Monday, March 30, 2009

Cash Flow What?

Your CPA will always include a statement of cash flows when issuing reports on your financial condition—it’s a requirement under GAAP, those generally-accepted accounting principles that for many years have brought standardization and uniformity across industries. A statement of cash flows basically adds balance sheet changes to net income to illustrate how the organization has provided or used its cash and cash equivalents over the period (usually a year).

CPA’s will argue that the statement of cash flows holds real value for business managers, and you can even find a course or two that teaches how to understand and utilize them. Recognize however that a statement of cash flows, like your income statement, acts as a journal to tell you where you’ve traveled.

When times are tough, cash is king.

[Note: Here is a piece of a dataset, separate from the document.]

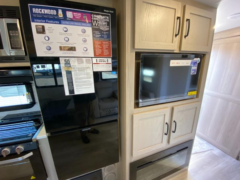 Each Rockwood Ultra Lite travel trailer by Forest River includes superior construction with a high gloss front cap, laminated white fiberglass sidewalls, and tinted frameless windows for a sleek look. The torsion axle, Rubber-Ryde suspension will make towing smooth and hassle-free, along with the nitrogen filled, Goodyear Endurance tires and the tire pressure monitor system. Interior comforts include designer kitchen backsplash, solid wood cabinet doors with hidden hinges, and night roller shades to name a few. Choose a Rockwood Ultra Lite travel trailer today!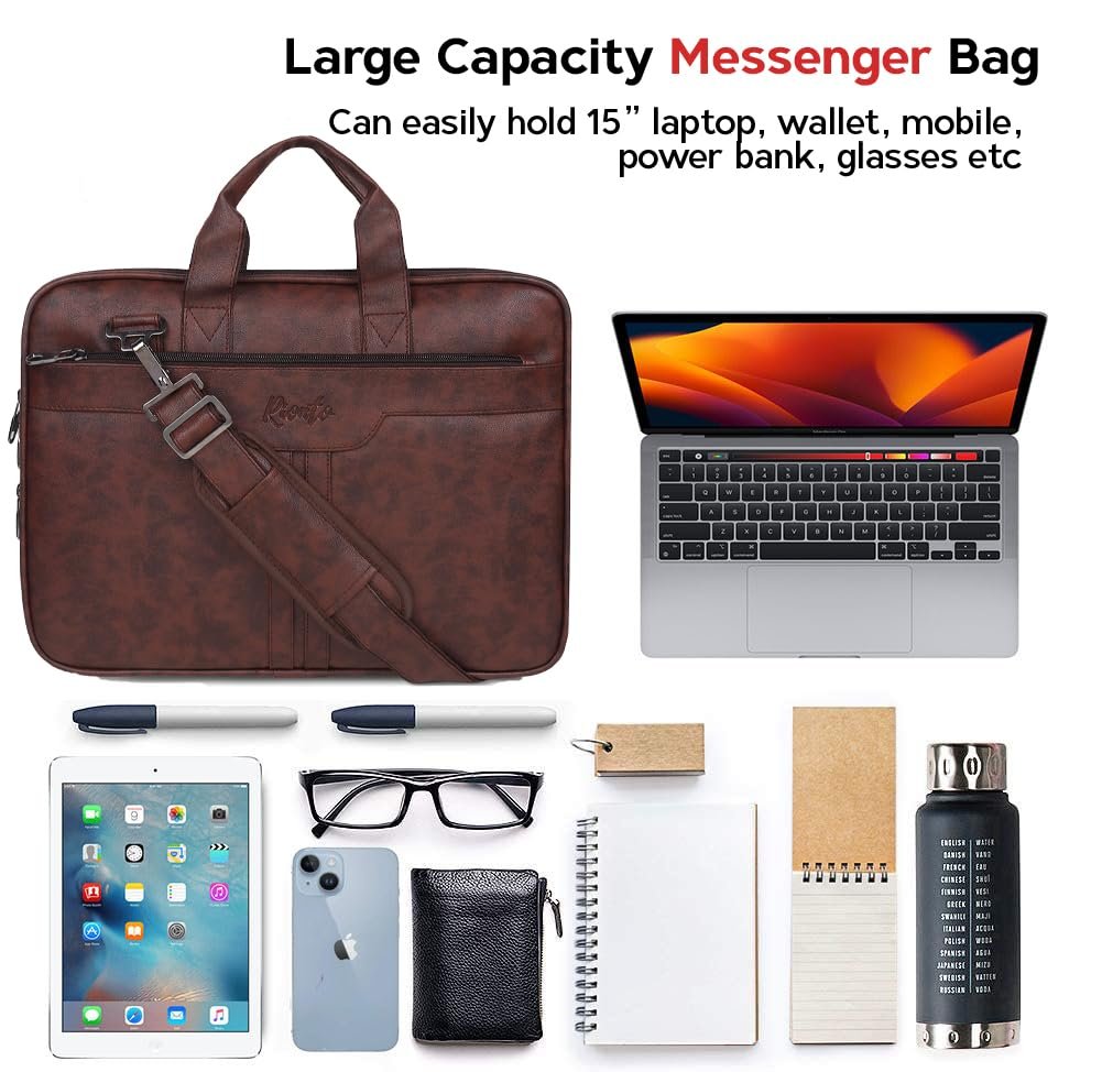 UNIVERSAL LAPTOP COMPATIBILITY: This 15.6 inch leather office bags for man is designed to securely fit devices from top brands like Dell, HP, Asus, MacBook, Acer, and Lenovo. Whether for work, travel, or office use, it keeps your laptop protected and your essentials organized in style.

You want to be pointed forward, scanning the horizon for opportunities and challenges, not backing out of the driveway by means of your rearview mirror. That’s where a cash flow or financial forecast comes in.

The cash flow forecast evaluates your expected receipts and disbursements based on assumptions about customers, sales, inventory movements, asset purchases, operating expenses and taxes, to name the most common financial activities. A good financial forecast gets to the heart of your organization’s business model by asking such questions as:

  • Do we have sufficient inventory to carry us through the next period without substantial investment?

  • Will our major supplier keep the pipeline full?

  • Can we expect our customers to pay within terms?

A statement of cash flows typically fails to generate this level of discussion, much less inform the reader concerning future cash position, so most organizations will find the need to produce financial forecasts too.

You’ll want a financial manager who understands how your business works when it’s time to prepare financial forecasts. A skilled professional will not only ask the right questions to capture the essence of your business model and incorporate it into the forecast, but will also make recommendations for change—provided the right atmosphere. A back-of-the-envelope request will engage a very limited discussion of assumptions and expectations, while a detailed financial forecast will examine all the “rocks”.

Expect your chief financial officer to take an active interest in your operations. If he’s locked in his office away from marketing, engineering and operations, his scope will be as narrow as his four walls and he’ll miss key assumptions when called upon to produce financial forecasts. This same deficiency will afflict your budgets and business plans too. You need an accountant who will prepare financial forecasts that convey the way your business really works.

Saturday, March 28, 2009

We Train Accounting Teams to Earn You Dividends


WHY TRAINING COUNTS

A well-trained accounting staff is the bedrock of any accounting department. Lack of training leads to repetitive questions, wasted time, faulty communication and unnecessary errors. Sure, it takes time initially to train your team. Furthermore it takes time to mentor and coach them once that initial training has passed. Like any investment, the more you deposit on the front end the greater the rewards you can expect to reap over time.

It can be a real challenge borrowing from the “doing” bank to invest in the “training” bank. Training and education are typically among the first line items to be cut when cost control rears its head during tough times. We tend to consider training as a luxury reserved for only the most favorable business conditions. The result is that training becomes sporadic and hand-me-down, with your incumbent staff passing on bad habits to your newcomers. This is especially true for employees breaking in their replacements under rigorous time constraints.

What does good training achieve? First, it establishes a common language between teacher and student, provided the teacher is suited to the task. You need a teacher or trainer who can express ideas clearly and with patience. Some students grasp a concept immediately, while others need examples, diagrams and even practice problems . Avoid the teacher who uses jargon without explanation or who jumps to the next principle without ensuring that the student fully comprehends what went before. We’ve all been known to signal “I got it!” when what we really mean is, “I’m losing interest!”

Second, good training can unearth both changing business conditions and just plain bad procedures. If trainer and student are really hearing one another, it’s not unusual to discover that how it’s done isn’t necessarily how it was meant to be done. Good teachers will invite their students to explore with them how and why practices have shifted away from the standards that should have been in place. Because the good trainer never stops learning herself, she may find that the accounting staff has changed its procedures to match real-world conditions that were never anticipated when its systems were first introduced.

Third, good training provides a context for the student. If the student can relate the surrounding conditions to a particular practice, he has the tools to evaluate similar conditions. Is “B” close enough to “A” that we handle it the same way, or is “B” more like “C”? So much of learning is extrapolation from one situation to another. Be generous: Give your staff the skills and the confidence to find their own answers by providing the training they need.

If you need assistance with accounting staff development and training, seek out experts who can both “teach” and “do”. Has your trainer been a “best boss”? If so, chances are she makes a good teacher too. Ask your business network for referrals and surf the web, but get references no matter what your source. A qualified trainer will be happy to oblige.